--- Exercise ---
A verbatim restatement of the data, free of pictures, is what you should output.

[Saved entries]
|---|

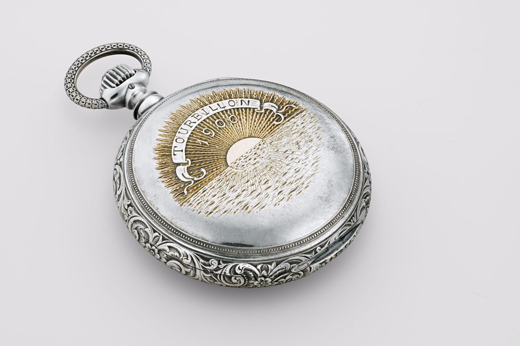 The case back shows a rising sun over the sea, emblematic of the dawn of a new era — the eagerly anticipated 20th century. Because Emil Lange served as a jury member, he could present the watch only outside of the official competition, where it attracted considerable attention from experts.
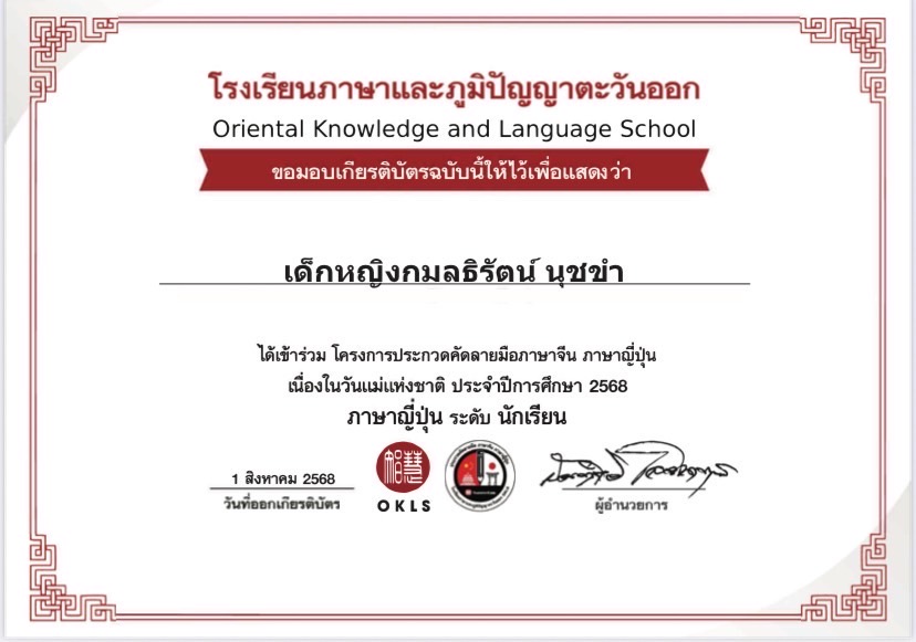 ได้เข้้าร่วม โครงการประกวดคัดลายมือภาษาจีน ภาษาญี่ปุ่น เนื่องในวันแม่แห่งชาติ ประจำปีการศึกษา 2568
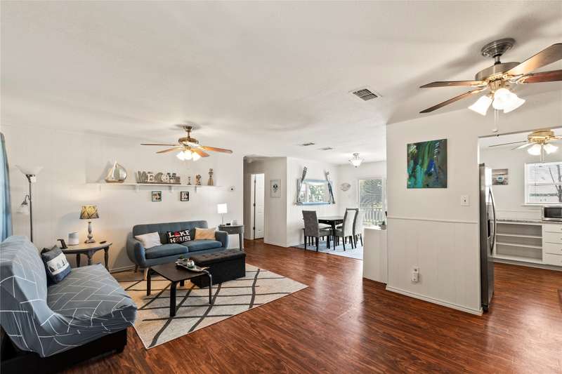 Charming lake house on wide open water at located just 45 minutes from Dallas! This updated 3-bedroom, 2-bath home sits on two waterfront lots and offers stunning open water views the moment you step inside. STR-friendly, it's perfect as a full-time residence, weekend getaway, or income-producing rental. The open-concept layout features a bright kitchen with dining area, spacious living room, and direct patio access for seamless indoor-outdoor entertaining. The newly built primary suite includes a private ensuite and lake views, while the two additional bedroomscurrently set up as bunk roomsare great for guests or kids. Outside, enjoy a large yard with space to relax, play, or host gatherings by the water. Detached garage provides room for one car plus storage for lake gear and lawn equipment. Furnishings negotiablemove in and start making memories on the lake!
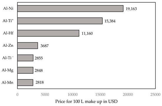 Plot showing the cost comparison of the ionic liquid-based systems for the deposition of Al-X alloys considering the initial make up of 100 L solution. Al-Ti’ represents the deposition of Al-Ti alloy from solution containing TiCl2 and Al-Ti” represents the deposition of Al-Ti alloy from solution containing TiCl4.
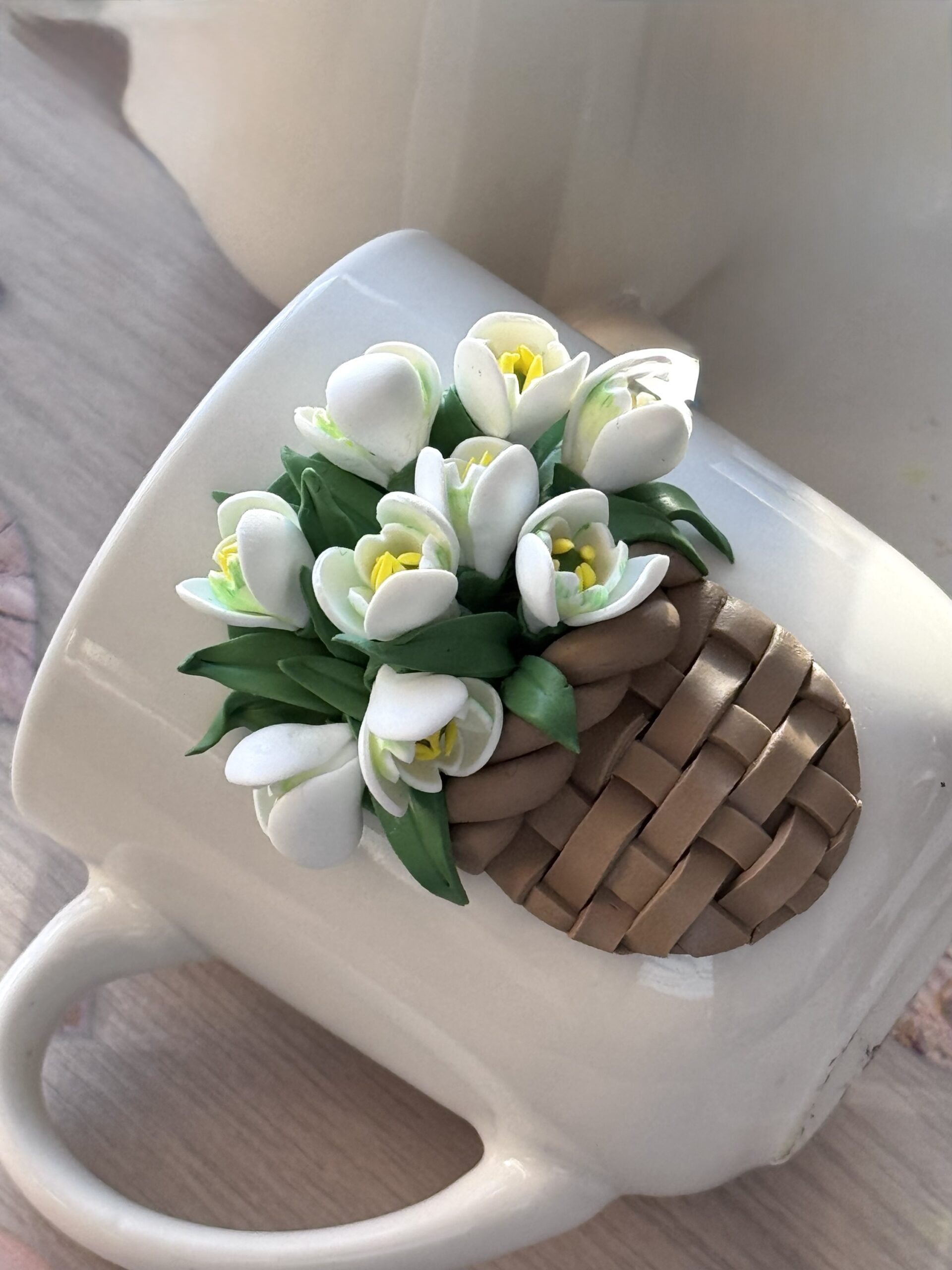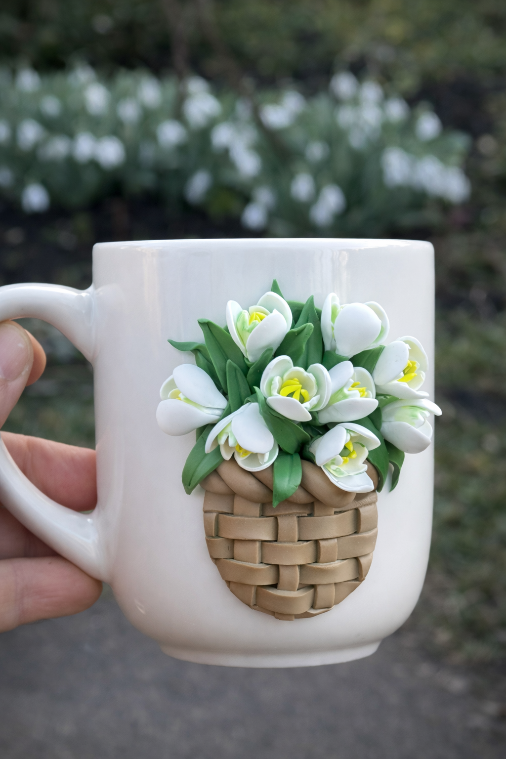 Ghioceii, simbol al purității, începuturilor noi și gingășiei, sunt redați în relief, manual, fiecare petală fiind lucrată individual, transformând cana într-o piesă unicat, cu personalitate și poveste.
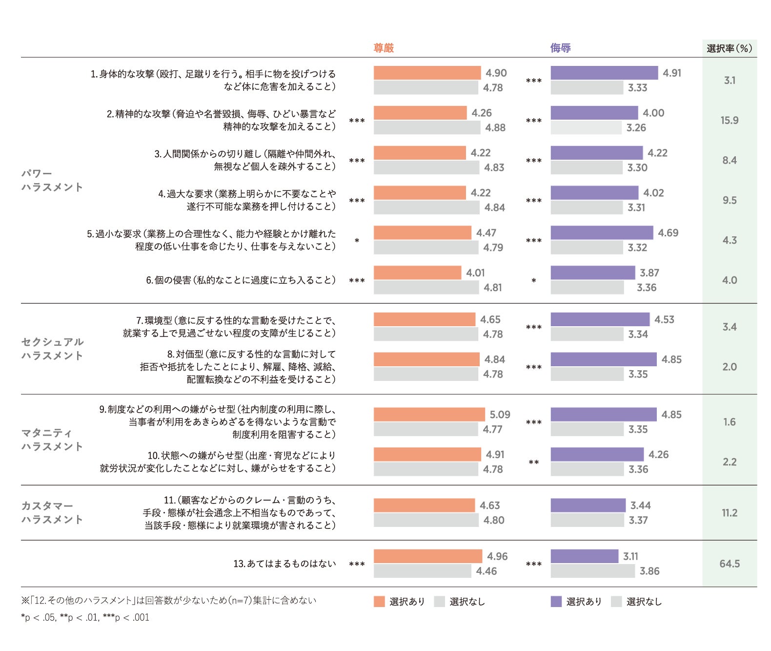 ・被ハラスメント経験の有無別に「尊厳」「侮辱」の得点を示した。全体の3人に1人は現在の勤務先で何らかのハラスメントを受けた経験を有していたが、ハラスメント経験がない職場(「13.あてはまるものはない」)では「尊厳」が高く、「侮辱」が低い傾向が、ハラスメント経験がある職場では、総じて、「侮辱」が高い傾向が確認された。
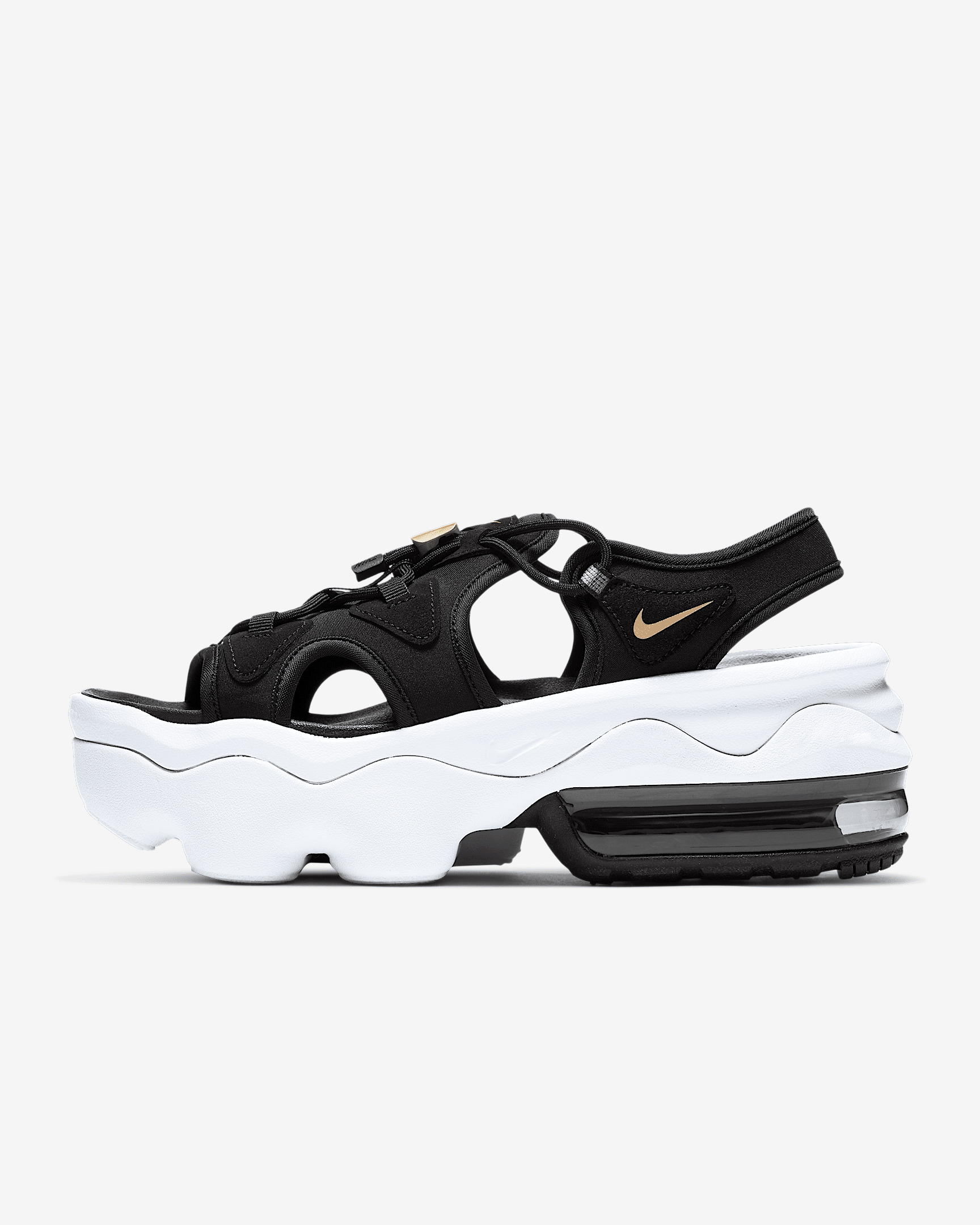 Heat up the streets in the Nike Air Max Koko Sandal. Designed for women, this pinnacle platform-height sandal adds a splash of colorful Air in the heel. The thick, layered foam midsole provides a smooth and flexible ride. Premium details on the upper add texture and dimension to elevate your look. Benefits - The Nike Air cushioning in the the heel feels comfortable and adds coveted Air Max style. - The layered midsole feels soft and delivers underfoot cushioning while its raised height adds a sporty, summertime look. - The speed lacing system adds a playful look while making it easier to put them on and take them off. - Textile upper feels soft and comfortable with or without socks. Product Details - Shown: Black/Anthracite/White/Metallic Gold - Style: CW9705-001

|---|

--- Answer to this exercise ---
 The case back shows a rising sun over the sea, emblematic of the dawn of a new era — the eagerly anticipated 20th century. Because Emil Lange served as a jury member, he could present the watch only outside of the official competition, where it attracted considerable attention from experts.
 ได้เข้้าร่วม โครงการประกวดคัดลายมือภาษาจีน ภาษาญี่ปุ่น เนื่องในวันแม่แห่งชาติ ประจำปีการศึกษา 2568
 Charming lake house on wide open water at located just 45 minutes from Dallas! This updated 3-bedroom, 2-bath home sits on two waterfront lots and offers stunning open water views the moment you step inside. STR-friendly, it's perfect as a full-time residence, weekend getaway, or income-producing rental. The open-concept layout features a bright kitchen with dining area, spacious living room, and direct patio access for seamless indoor-outdoor entertaining. The newly built primary suite includes a private ensuite and lake views, while the two additional bedroomscurrently set up as bunk roomsare great for guests or kids. Outside, enjoy a large yard with space to relax, play, or host gatherings by the water. Detached garage provides room for one car plus storage for lake gear and lawn equipment. Furnishings negotiablemove in and start making memories on the lake!
 Plot showing the cost comparison of the ionic liquid-based systems for the deposition of Al-X alloys considering the initial make up of 100 L solution. Al-Ti’ represents the deposition of Al-Ti alloy from solution containing TiCl2 and Al-Ti” represents the deposition of Al-Ti alloy from solution containing TiCl4.
 Ghioceii, simbol al purității, începuturilor noi și gingășiei, sunt redați în relief, manual, fiecare petală fiind lucrată individual, transformând cana într-o piesă unicat, cu personalitate și poveste.
 ・被ハラスメント経験の有無別に「尊厳」「侮辱」の得点を示した。全体の3人に1人は現在の勤務先で何らかのハラスメントを受けた経験を有していたが、ハラスメント経験がない職場(「13.あてはまるものはない」)では「尊厳」が高く、「侮辱」が低い傾向が、ハラスメント経験がある職場では、総じて、「侮辱」が高い傾向が確認された。
 Heat up the streets in the Nike Air Max Koko Sandal. Designed for women, this pinnacle platform-height sandal adds a splash of colorful Air in the heel. The thick, layered foam midsole provides a smooth and flexible ride. Premium details on the upper add texture and dimension to elevate your look. Benefits - The Nike Air cushioning in the the heel feels comfortable and adds coveted Air Max style. - The layered midsole feels soft and delivers underfoot cushioning while its raised height adds a sporty, summertime look. - The speed lacing system adds a playful look while making it easier to put them on and take them off. - Textile upper feels soft and comfortable with or without socks. Product Details - Shown: Black/Anthracite/White/Metallic Gold - Style: CW9705-001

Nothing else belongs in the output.